01/01/2017
Cuando una relación de pareja finaliza y hay hijos de por medio, surgen inevitablemente preguntas fundamentales: ¿Cuándo podré ver a mis hijos? ¿Cómo mantendré ese vínculo diario que ahora se interrumpe? Para muchos padres, la idea de dejar de compartir cada momento cotidiano con sus pequeños es abrumadora, una sensación de vacío que se instala desde el primer instante. Es en este contexto, donde la ley interviene para organizar y proteger la relación de los menores con ambos progenitores, a través de lo que conocemos como el régimen de visitas y estancias.
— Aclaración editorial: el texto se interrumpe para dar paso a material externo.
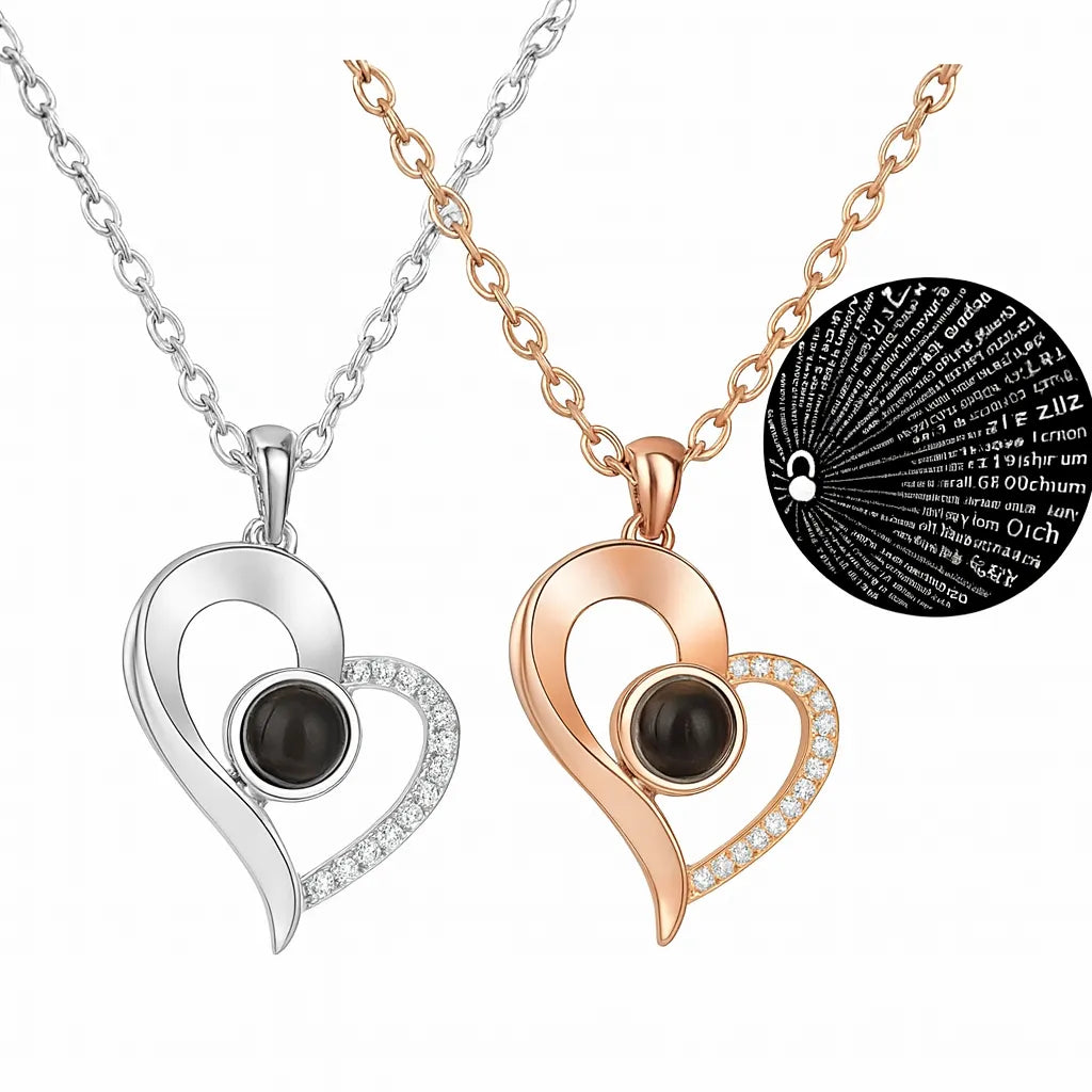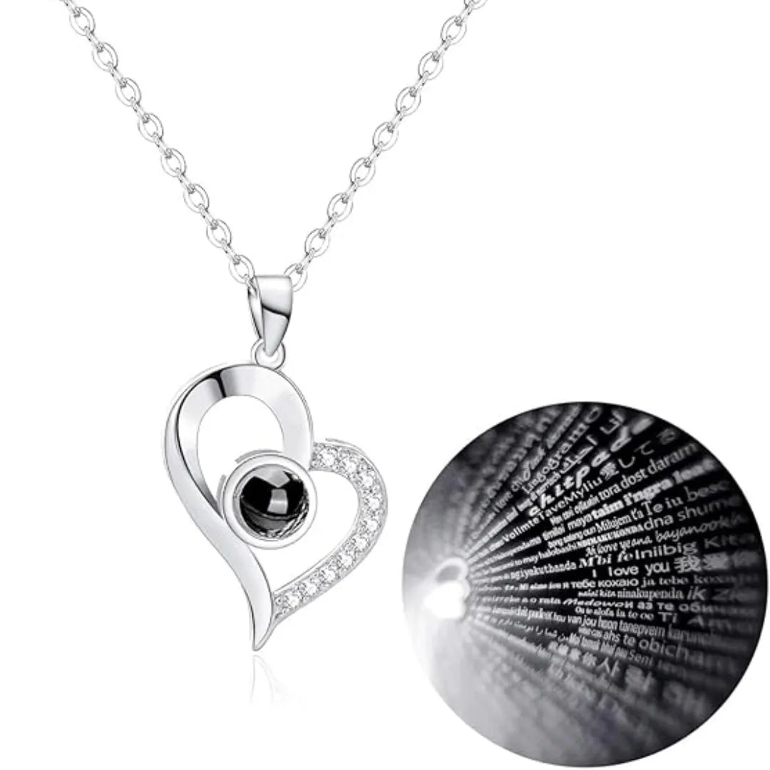 El cristal central del dije contiene un micrograbado con "Te amo" en 100 idiomas, visible al apuntar una luz (como el flash de tu celular) a través de el. proyectando el mensaje sobre una superficie cercana, puede ser sobre una pared.

Este marco legal no es solo una cuestión de derechos parentales, sino un pilar fundamental para garantizar el bienestar emocional y el desarrollo sano de los hijos, asegurando que puedan mantener un contacto fluido y significativo con ambos padres y sus respectivas familias extensas. Pero, ¿qué implica exactamente este régimen? ¿Cómo se establece? Y lo más importante, ¿cómo podemos asegurar que funcione de la mejor manera posible, siempre priorizando el interés superior del menor?
- ¿Qué es el Régimen de Visitas y Estancias?
- ¿Cómo se Establece el Régimen de Visitas?
- Factores Clave que Influyen en el Régimen de Visitas
- Tipos Comunes de Regímenes y Consejos Prácticos
- Modificación y Suspensión del Régimen de Visitas
- Incumplimiento del Régimen de Visitas: ¿Qué Sucede?
- El Régimen de Visitas en Favor de los Abuelos y Otros Familiares
- Consideraciones Especiales Según la Edad del Niño
- Conclusión
¿Qué es el Régimen de Visitas y Estancias?
El régimen de visitas se refiere al derecho y, al mismo tiempo, al deber que tiene el progenitor no custodio de visitar, tener en su compañía o comunicarse con sus hijos menores de edad después de un proceso de separación, divorcio, nulidad matrimonial, o incluso en el establecimiento de medidas paternofiliales cuando los padres no estaban casados. Su propósito es claro y fundamental: asegurar que los niños puedan seguir desarrollando y manteniendo una relación significativa con ambos progenitores y sus familias, evitando que se pierda el contacto y el afecto.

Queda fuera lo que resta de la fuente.